What you should do -
The required answer is the data below, restated word for word with images omitted.

Given information -
--
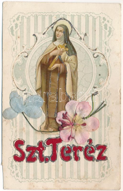 Leírás: 1924 Szent Teréz. Kézzel készült egyedi litho képeslap selyemvirággal/ Saint Therese. Hand made. Art Nouveau litho, with flowers. Emb. (vágott / cut)
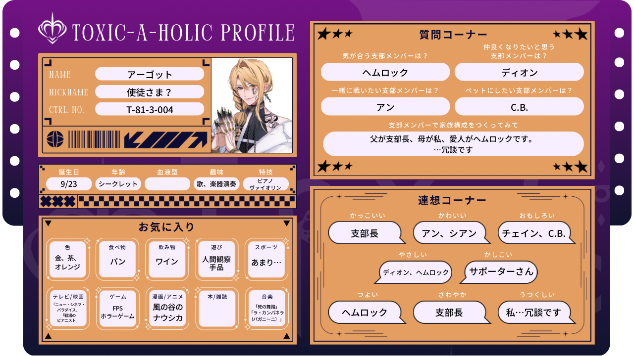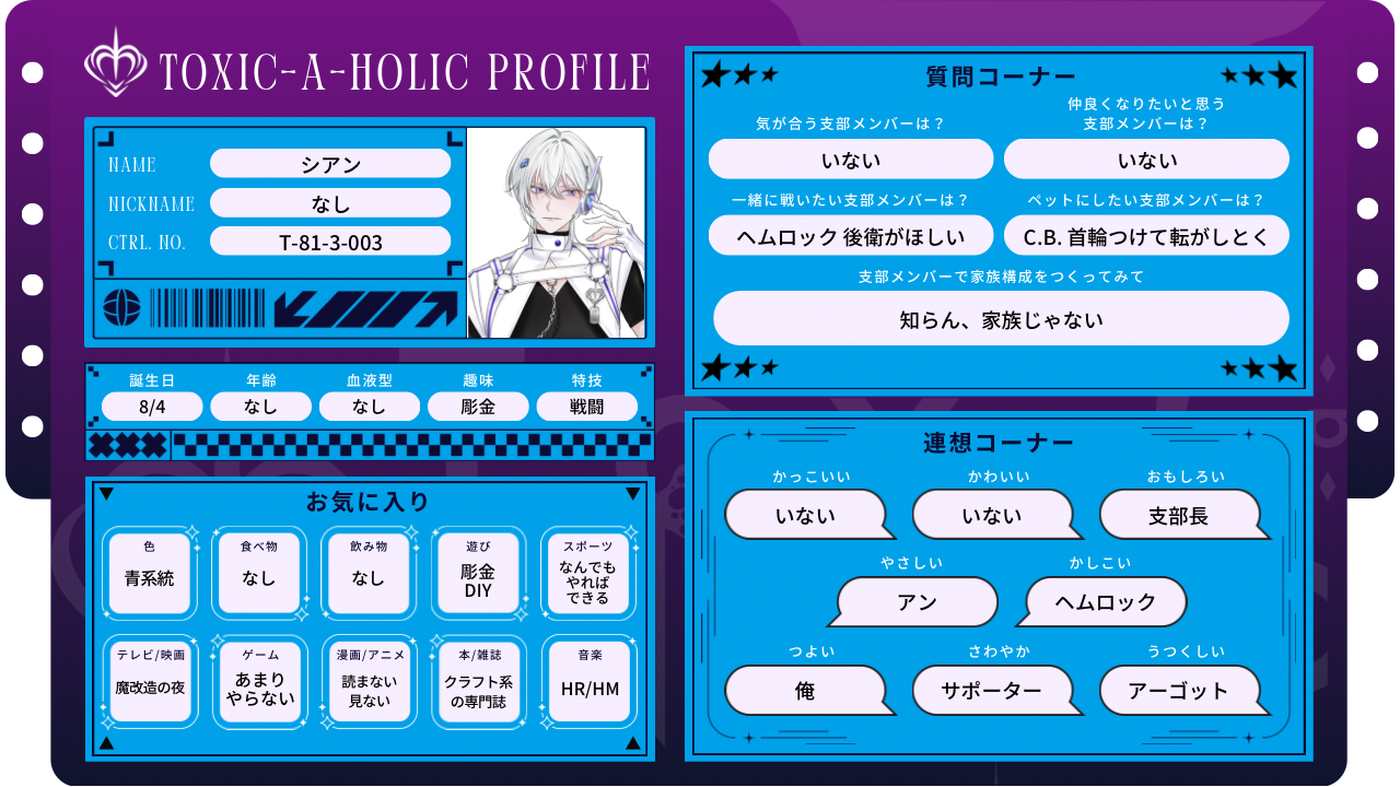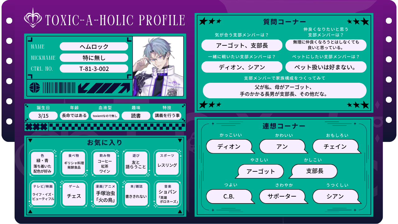 2025.11.13 プロフィール帳:アーカイブ アン-プロフィール帳- ヘムロック-プロフィール帳- シアン-プロフィール帳- アーゴット-プロフィール帳- ディオン-プロフィール帳- C.B.-プロフィール帳- チェイン-プロフィール帳- 支部長-プロフィール帳- サポーター-プロフィール帳- SHARE PREV BACK TO LIST NEXT
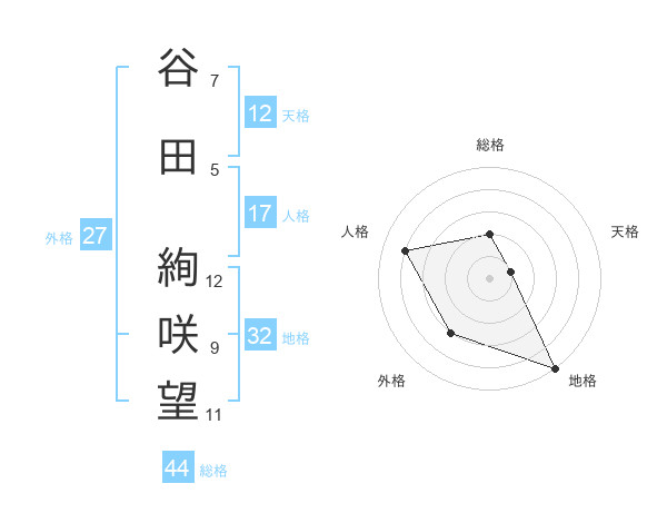 谷田 絢咲望さんの総格は44画の2点!
--
Answer area -
 Leírás: 1924 Szent Teréz. Kézzel készült egyedi litho képeslap selyemvirággal/ Saint Therese. Hand made. Art Nouveau litho, with flowers. Emb. (vágott / cut)
 2025.11.13 プロフィール帳:アーカイブ アン-プロフィール帳- ヘムロック-プロフィール帳- シアン-プロフィール帳- アーゴット-プロフィール帳- ディオン-プロフィール帳- C.B.-プロフィール帳- チェイン-プロフィール帳- 支部長-プロフィール帳- サポーター-プロフィール帳- SHARE PREV BACK TO LIST NEXT
 谷田 絢咲望さんの総格は44画の2点!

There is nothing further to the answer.